Régularité de l'admission d'une créance par le juge-commissaire face à une contestation non sérieuse

1 avr. 2020

L'ESSENTIEL Droit des entreprises en difficulté

  • Réf : LEDEN avril 2020, n° 113f8, p. 4 Copier la référence
  • id : DED113f8 Copier l'id

Auteur(s)

Karl Lafaurie
Enseignant-chercheur contractuel à l'université de Caen, membre de l'Institut Demolombe (EA 967)

Thématique(s)

Auteur(s)

Karl Lafaurie
Enseignant-chercheur contractuel à l'université de Caen, membre de l'Institut Demolombe (EA 967)

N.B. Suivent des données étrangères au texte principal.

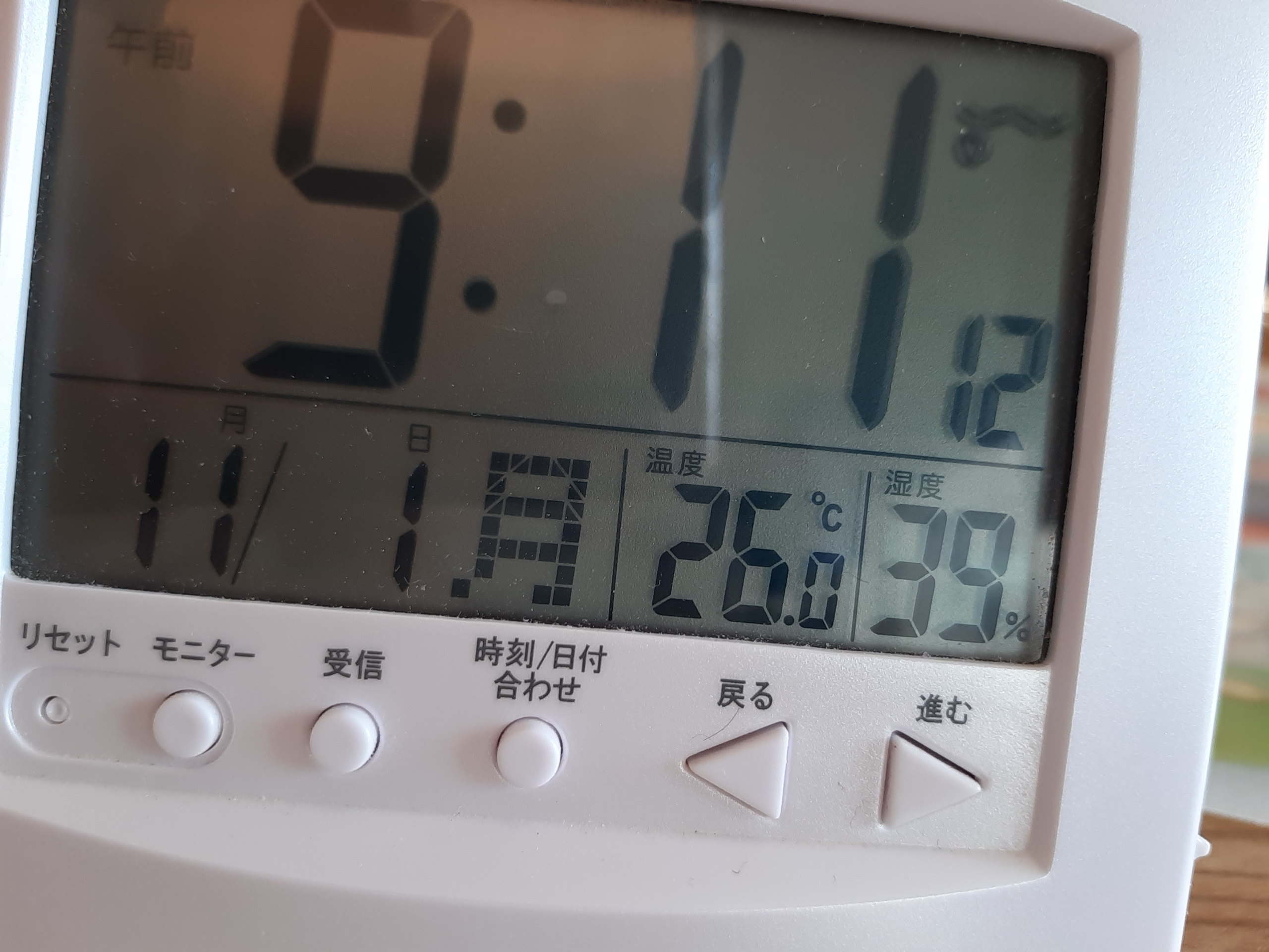 朝まだあまり日差しがないときの部屋の温度を計ってみましたが、26℃あって、部屋の中は全然寒くないです。湿度が少し低いですが、体感的にはまだあまり乾燥を感じないです。

« Le créancier et le débiteur soumis à une procédure collective ne pouvant, par un accord conclu entre eux seuls, décider de ramener le montant d’une créance antérieure à une somme moindre que celle déclarée en contrepartie du paiement, dans un certain délai et à due concurrence, de la créance, au mépris de la règle d’ordre public de l’interdiction des paiements, c’est à bon droit qu’en raison du caractère non sérieux de la contestation du débiteur soutenant la validité d’un accord, à l’évidence illicite, et en l’absence de toute autre contestation de sa part, la cour d’appel, statuant comme juge de la vérification du passif, a admis la créance pour le montant déclaré, sans avoir à inviter les parties à saisir un autre juge ».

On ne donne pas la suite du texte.